Criminologi, filosofi, sociologi, esperti di scienze politiche di
sette Paesi (Austria, Danimarca, Germania, Ungheria, Norvegia,
Spagna, Regno Unito) si occuperanno del contesto istituzionale
che caratterizza il ricorso alla videosorveglianza, utilizzando
tutte le fonti disponibili. Saranno effettuate mappature dei
sistemi di videosorveglianza pubblica in alcune aree urbane
(Berlino, Budapest, Copenhagen, Londra, Madrid, Vienna), nel
tentativo di definire la tipologia di localizzazione e le
relative motivazioni. Inoltre, saranno esaminati il funzionamento
tecnico di tali sistemi, la loro configurazione spaziale, la
prassi di utilizzazione e, naturalmente, gli effetti sociali e
politici della videosorveglianza: se ed in che modo essa
modifichi i comportamenti criminali e quelli del comune
cittadino, e quali ne siano i riflessi sulle politiche di
sicurezza e sui diritti civili - con particolare riguardo alla
protezione dei dati.
Infine, sulla base dei risultati della ricerca il progetto
tenterà di individuare possibili sistemi di
regolamentazione confrontando e classificando i meccanismi
esistenti e definendo, se possibile, "buone prassi" .
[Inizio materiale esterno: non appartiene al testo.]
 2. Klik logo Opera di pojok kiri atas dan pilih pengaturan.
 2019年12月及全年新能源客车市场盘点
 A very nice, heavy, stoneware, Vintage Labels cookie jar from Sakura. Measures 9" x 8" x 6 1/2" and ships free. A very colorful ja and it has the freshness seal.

Fra i primi prodotti del progetto segnaliamo, oltre ad una
rassegna della letteratura sull’argomento, una relazione
sui sistemi di videosorveglianza nel Regno Unito e due studi
sulla videosorveglianza in Norvegia e Danimarca nonché, in
particolare, sulla diffusione di dispositivi di videosorveglianza
nelle città di Oslo e Copenhagen.
Rispetto al Regno Unito, il Paese con la più elevata
concentrazione di impianti di videosorveglianza, i primi dati
indicano che la spesa complessiva per l’installazione di
tali impianti nel settore pubblico ha raggiunto i 250 milioni di
sterline fra il 1992 e il 2002, con risultati contrastanti in
termini di riduzione della criminalità. E’ emerso,
inoltre, che la percezione pubblica (anche attraverso i media)
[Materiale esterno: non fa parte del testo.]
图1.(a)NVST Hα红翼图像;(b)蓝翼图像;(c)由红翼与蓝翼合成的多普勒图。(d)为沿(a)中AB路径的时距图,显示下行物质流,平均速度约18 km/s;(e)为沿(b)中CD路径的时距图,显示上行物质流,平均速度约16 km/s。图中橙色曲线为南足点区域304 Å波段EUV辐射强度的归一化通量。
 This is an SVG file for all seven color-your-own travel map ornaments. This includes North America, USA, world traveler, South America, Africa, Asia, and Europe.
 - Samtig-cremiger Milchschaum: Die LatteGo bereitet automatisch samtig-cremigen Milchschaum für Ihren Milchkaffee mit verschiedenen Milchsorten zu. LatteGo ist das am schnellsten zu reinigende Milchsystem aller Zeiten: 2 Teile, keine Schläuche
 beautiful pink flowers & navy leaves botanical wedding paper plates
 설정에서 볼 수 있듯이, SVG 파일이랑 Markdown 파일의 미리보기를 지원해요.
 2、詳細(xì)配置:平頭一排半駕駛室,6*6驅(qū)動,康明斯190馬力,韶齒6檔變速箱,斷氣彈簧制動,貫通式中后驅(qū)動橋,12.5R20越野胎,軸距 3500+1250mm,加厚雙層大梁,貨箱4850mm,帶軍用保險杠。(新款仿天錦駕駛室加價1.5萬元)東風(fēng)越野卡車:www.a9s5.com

dell’impiego di videosorveglianza è contraddittoria
- nel senso che la videosorveglianza utilizzata per sorvegliare
"gli altri" (ladri, rapinatori, scippatori) è vista come
positiva, mentre la videosorveglianza utilizzata per sorvegliare
"noi" (traffico, lavoratori) è negativa.
Va segnalato, comunque, che l’Autorità del Regno
Unito per la protezione dei dati ha elaborato (nel 2000) un
codice di condotta per l’impiego di dispositivi di
videosorveglianza in aree pubbliche o accessibili al pubblico
(disponibile all’indirizzo www.dataprotection.gov.uk
Interessanti anche alcune osservazioni ricavabili dai due
rapporti su Norvegia e Danimarca, Paesi molto simili in termini
di struttura sociale, lingua e riferimenti culturali, nei quali
esistono però differenze in termini di regolamentazione e
utilizzazione di dispositivi di videosorveglianza. Gli autori
mettono in evidenza che tali differenze sono reali, anche se
riguardano i settori nei quali è maggiormente diffusa
l’utilizzazione della videosorveglianza più che la
natura più o meno restrittiva dell’approccio a
questo tema. Di fatto, in Danimarca si tende a privilegiare il
consenso e il dibattito pubblico rispetto all’uso della
videosorveglianza, mentre in Norvegia l’approccio sembra
essere più di tipo precettivo. Tuttavia, in entrambi i
Paesi la percezione pubblica della videosorveglianza
tendenzialmente non è negativa - per quanto la maggiore
sensibilizzazione dell’opinione pubblica in Danimarca,
dovuta anche all’attenzione dei media, abbia fatto rilevare
agli studiosi un atteggiamento più critico e meno
"passivo" da parte del pubblico.
Ulteriori dati relativi altri Paesi considerati nello studio
dovrebbero essere pubblicati entro la primavera del 2003.